Heba shares that she writes in English also because a lot of work she references in cross-solidarity work, resisting ‘Palestinian Exceptionalism’ and shares that there are other liberation movements she references. This language, English, she smiles, she uses it because she has full mastery of it. She doesn’t feel writers like Sayed Kashua should feel shame about writing in Hebrew. She finds it frustrating how writers like Mourid Barghouti or Ghassan Kanafani are interpreted in the West versus ‘back home’; she feels these differences are important in not mainstreaming one singular Palestinian representation. Shada and Heba discuss what moving away from ‘Palestinian Exceptionalism’ could look like, in drawing more strength from cross-solidarity work.  Shada talks about Zizek’s much referenced theory, that the Palestinian can be “the universal subject” It reads the Palestinian struggle in terms of universality, that their struggle can represent the reference to the morals of oppression around the world. She feels it is necessary to consider, speaking directly to other Palestinians that “we are not the only victims. This is how we will be able to see we are not the other victims, we can connect to others around the world, in how the identity is re-imagined or re-configured, and this will be the change”.

Heba shares that she questions the term ‘Palestinian writing’ altogether. “Does it have to mention certain things to be considered a fit to the genre?” For her, writing as a Palestinian person, she has written lots of texts that are not rooted in the experiences of the occupation. For her, the queer issue, the class issue; that can be Palestinian writing. It cannot always be rooted in the disparity of her people.

Shada affirms the need for writing from new perspectives as Palestinians, through language. “The world of words that is important creates different worlds; we have to share some connection despite our differences. The ideological differences mask that sameness. We can uncover that through writing”.
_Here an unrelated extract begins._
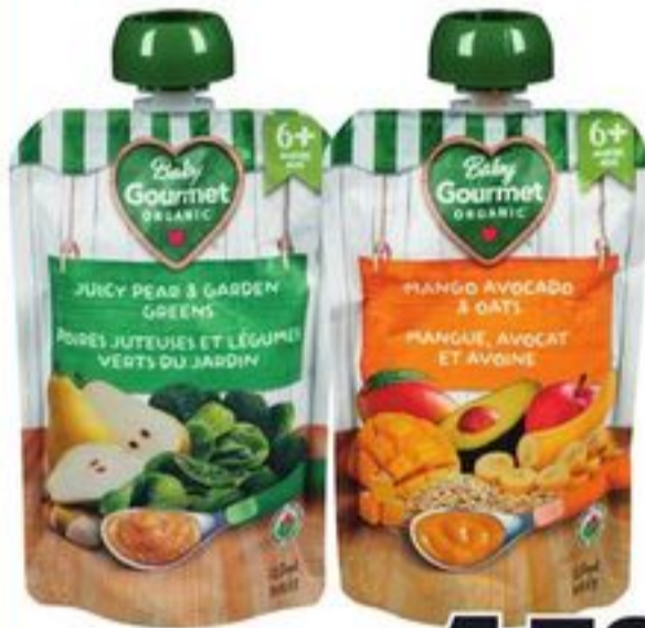
BABY GOURMET ORGANIC BABY FOOD POUCHES SELECTED VARIETIES 113/128 ML 20368074001_EA/21123983_EA

With much to reflect on after the discussion, one of the last talking points in the discussion about oral history stayed with me. Heba says she thinks about oral history in her writing; the differences between what people say versus what people put on paper. Oral history is a field which affirms that accounts of history, like individual memory, are highly subjective and that testimonies with others are used to build shared meanings and symbols. She considers in her work, the people who have died, ancestors who gave us texts and those ancestors who gave us other creative works passed down through poetry and through singing. Her grandma was 1 years old in the Nakba, and she has heard her stories from her parents and relatives. The role of the Palestinian writer for her is to find ways to continue sharing and archiving stories, in a voice that feels free but always connected.